In particular, he makes a great point that you should not bin your data into "negative"/"neutral"/"positive" categories, because that just needlessly loses too much information. For instance, if you bin $[-10,-4]$ as "negative", $[-3,3]$ as "neutral" and $[4,10]$ as "positive", then this binning treats someone with a score of $-10$ exactly the same as someone with a score of $-4$ - but presumably the first respondent was quite a bit more negative than the second one. So we have lost information. Don't do it.
As Robert writes, with 21 ordered categories, you can likely enough use Ordinary Least Squares (OLS) rather than ordered logistic regression, because the difference between the two approaches will be very small for such a large number of categories. And in any case, this difference in models will be completely dominated by the fact that your measurements only imperfectly measure the underlying construct you are really interested in.

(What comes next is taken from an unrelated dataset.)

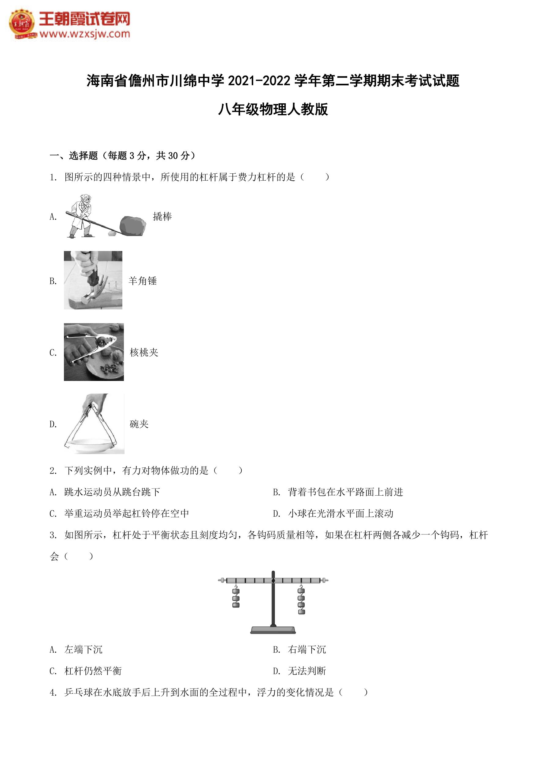 海南省儋州市川绵中学2021-2022学年第二学期期末考试试题八年级物理(人教版)

I would not put too much emphasis on the normality of residuals, whether assessed graphically or by formal tests. This is nice to have, but regression parameters are quite robust to departures from normality. I would rather run diagnostic plots of residuals against your predictors: if there is a pattern in such plots, it suggests some unmodeled nonlinearities. (Note that such diagnostics will bias your p-values, so if these are what you are interested in, then don't overdo it.)
If you are really interested in deciding between OLS and ordered logistic regression, and if you have enough data, then consider cross-validating both approaches and seeing which one yields lower out-of-bag mean squared errors. If they are within one standard error, then go with the simpler model, which here is the OLS one.
Answered by Stephan Kolassa on November 2, 2021
With a response variable on an ordinal scale of -10 to +10 this is a valid reason for treating it as numeric and running a standard multivariable regression. You will need to inspect residual plots in order to assess whether they are plausibly normally distributed if you are going to make certain inferences.
This will likely be much better than categorizing into 3 levels as this will result in a lot of information loss.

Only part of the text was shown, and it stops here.